▶ **Action item**:
Look through the data below for the line with "- Keuken en sanitair niet inbegrepen;" and the line with "This never-lived-in MODEL", then transcribe exactly from the first through the second, leaving out all pictures.

▶ **Dataset**:
*** Begin section ***

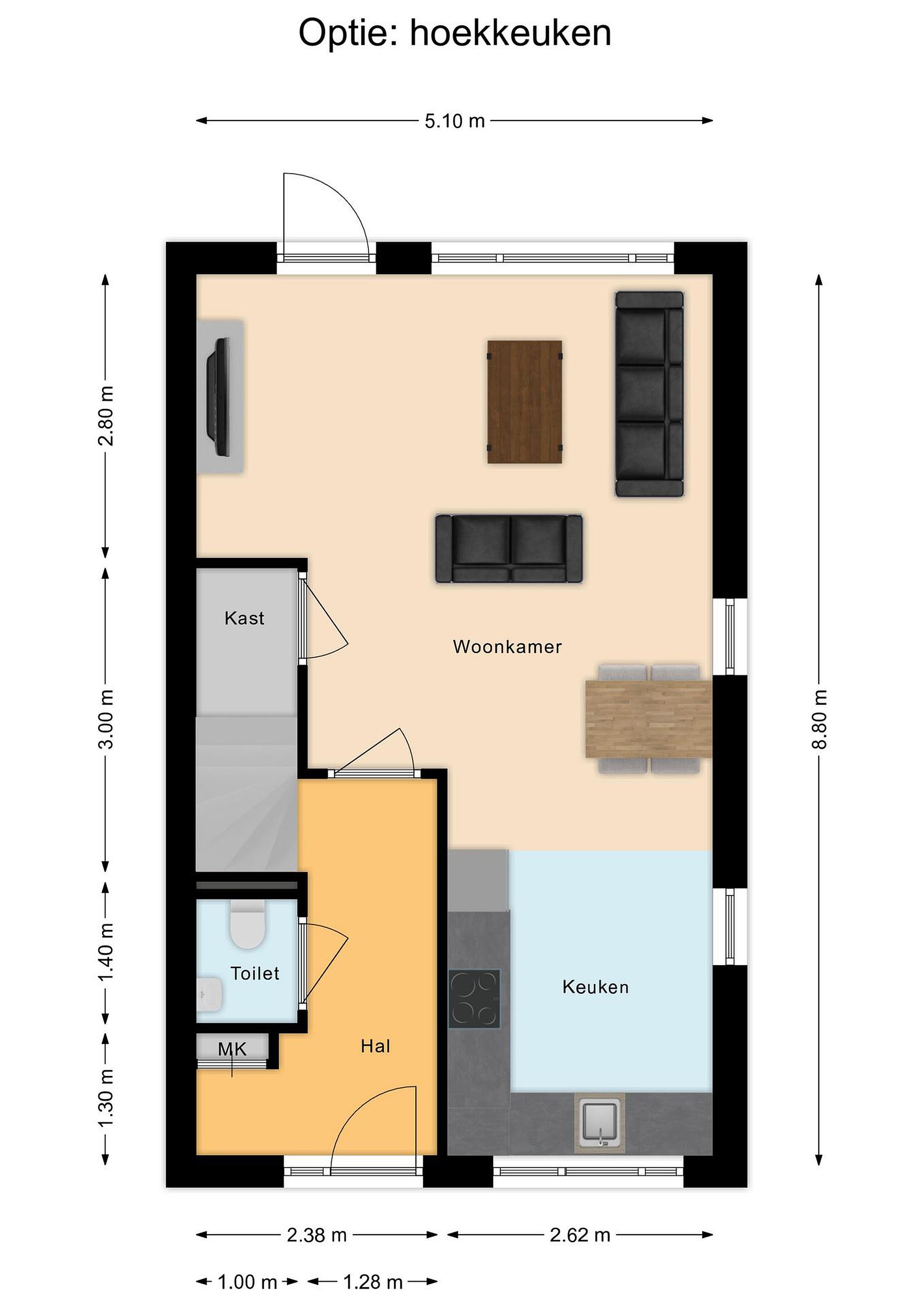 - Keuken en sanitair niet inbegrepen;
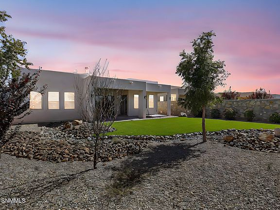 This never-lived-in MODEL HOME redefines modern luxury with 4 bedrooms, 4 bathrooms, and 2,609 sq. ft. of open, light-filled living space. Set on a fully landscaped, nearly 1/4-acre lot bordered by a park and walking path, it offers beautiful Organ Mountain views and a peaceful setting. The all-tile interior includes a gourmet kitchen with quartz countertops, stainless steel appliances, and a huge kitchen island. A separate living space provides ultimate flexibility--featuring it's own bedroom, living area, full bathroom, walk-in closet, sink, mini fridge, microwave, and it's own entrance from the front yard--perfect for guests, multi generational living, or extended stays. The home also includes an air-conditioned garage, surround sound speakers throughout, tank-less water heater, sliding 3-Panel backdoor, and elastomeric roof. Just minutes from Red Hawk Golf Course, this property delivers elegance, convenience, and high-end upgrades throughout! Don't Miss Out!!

*** End section ***
*** Begin section ***

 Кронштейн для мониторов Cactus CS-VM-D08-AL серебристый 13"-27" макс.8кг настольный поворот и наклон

*** End section ***
*** Begin section ***

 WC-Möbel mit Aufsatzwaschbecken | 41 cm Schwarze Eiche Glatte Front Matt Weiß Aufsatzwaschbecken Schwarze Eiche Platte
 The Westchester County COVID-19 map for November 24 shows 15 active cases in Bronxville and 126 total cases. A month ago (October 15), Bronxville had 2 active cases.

*** End section ***

▶ **Your solution**:
 - Keuken en sanitair niet inbegrepen;
 This never-lived-in MODEL HOME redefines modern luxury with 4 bedrooms, 4 bathrooms, and 2,609 sq. ft. of open, light-filled living space. Set on a fully landscaped, nearly 1/4-acre lot bordered by a park and walking path, it offers beautiful Organ Mountain views and a peaceful setting. The all-tile interior includes a gourmet kitchen with quartz countertops, stainless steel appliances, and a huge kitchen island. A separate living space provides ultimate flexibility--featuring it's own bedroom, living area, full bathroom, walk-in closet, sink, mini fridge, microwave, and it's own entrance from the front yard--perfect for guests, multi generational living, or extended stays. The home also includes an air-conditioned garage, surround sound speakers throughout, tank-less water heater, sliding 3-Panel backdoor, and elastomeric roof. Just minutes from Red Hawk Golf Course, this property delivers elegance, convenience, and high-end upgrades throughout! Don't Miss Out!!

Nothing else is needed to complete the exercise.